Pinouts.ru is handy, but we've found that
color graphics are easier to keep track of.
There are a couple of standards for ethernet wiring. They're generally the same, but they like to use different colors. Just make sure you use the same standard for each end of a cable and everything will be fine.
Cut the sheath off of the cable about an inch or so from the end. of the wires. Be careful not to nick the wires in the process.
You don't need to strip any of the wires. Just spread the wires apart, un-twist them down to the sheath and put them in the order they'll go in the the connector.
Straighten each of the wires and pull them together so they're flat and in the right order.

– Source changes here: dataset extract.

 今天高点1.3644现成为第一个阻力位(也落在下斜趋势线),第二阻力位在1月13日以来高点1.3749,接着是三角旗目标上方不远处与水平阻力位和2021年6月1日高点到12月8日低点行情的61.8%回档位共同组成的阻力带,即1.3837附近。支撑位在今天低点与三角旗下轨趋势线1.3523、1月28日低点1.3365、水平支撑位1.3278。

Cut the wires across the tips so that they are flat across the end. Use a smaller wire cutter so that each wire will stay in the right shape. (If they get distorted, they might not fit into the connector very well)

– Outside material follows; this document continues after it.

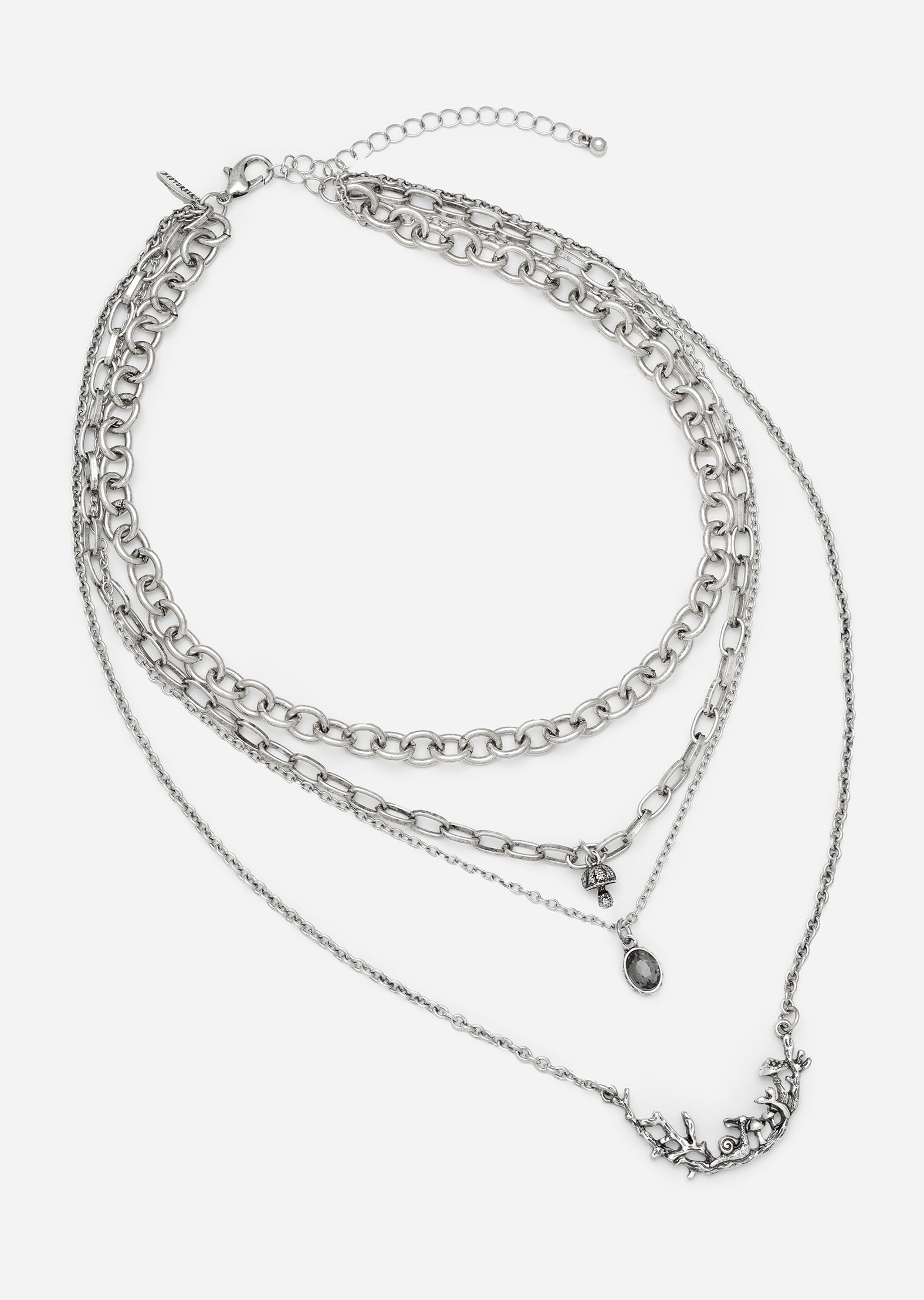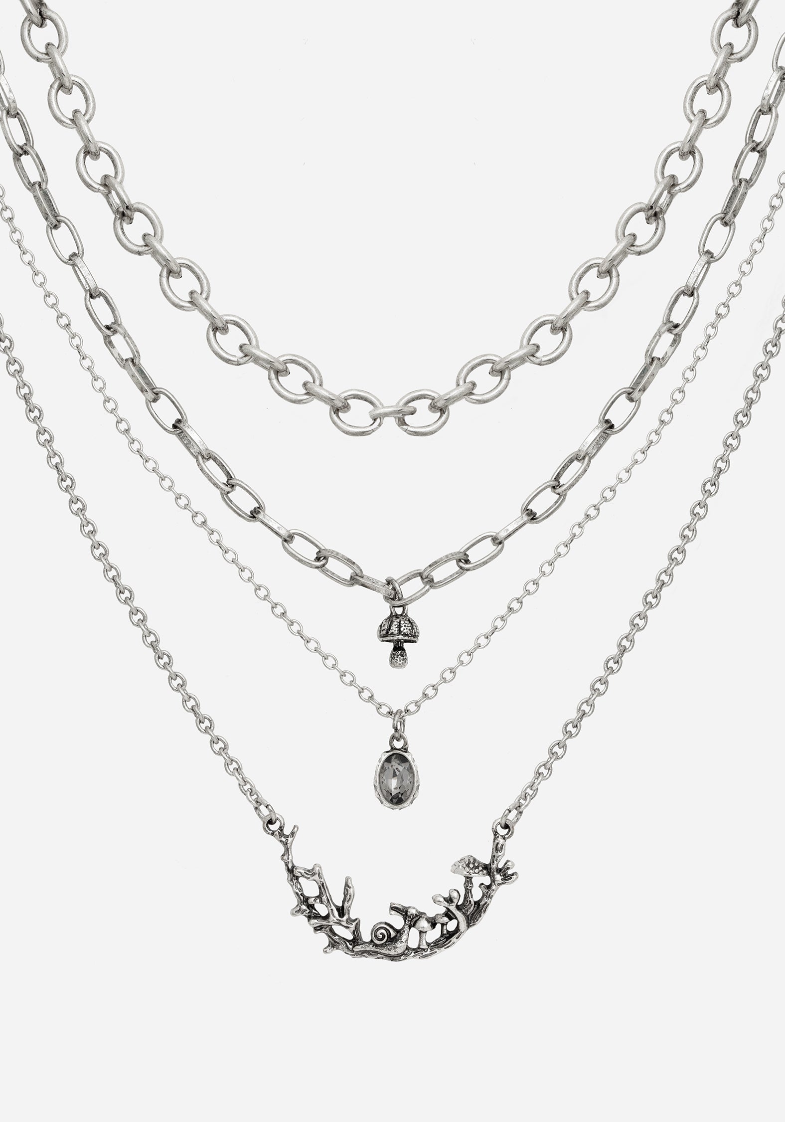 - 4 Different Size Chains with Toadstool, Gemstone and Leaf Design Pendants

Slide them into the plug until the ends of the wires are touching the far end of the connector. You might want to compare the end to a pre-made cable to double check everything before crimping.
Insert the connector and wire into your crimping tool. Crimp the connector and use plenty of force to get solid connections. Repeat the process for the opposite end, and you've made your own network cable. (If you can get/borrow them, we recommend ratcheting crimpers over the cheapies.)
Now that you can make your own cables, it's far easier to run Cat 5 anywhere you want it.
One of our favorite tricks is to run cables through the A/C vents. Unfinished basements are fantastic for running wires. Here we've slipped it in between the actual duct and the hole it runs through.
Up top, we ran the wire through one of the slits in the air vent. When we move out, we'll just cut the end off the wire and remove it.
To get our TiVo networked, we took advantage of the pre-existing monster hole in the floor.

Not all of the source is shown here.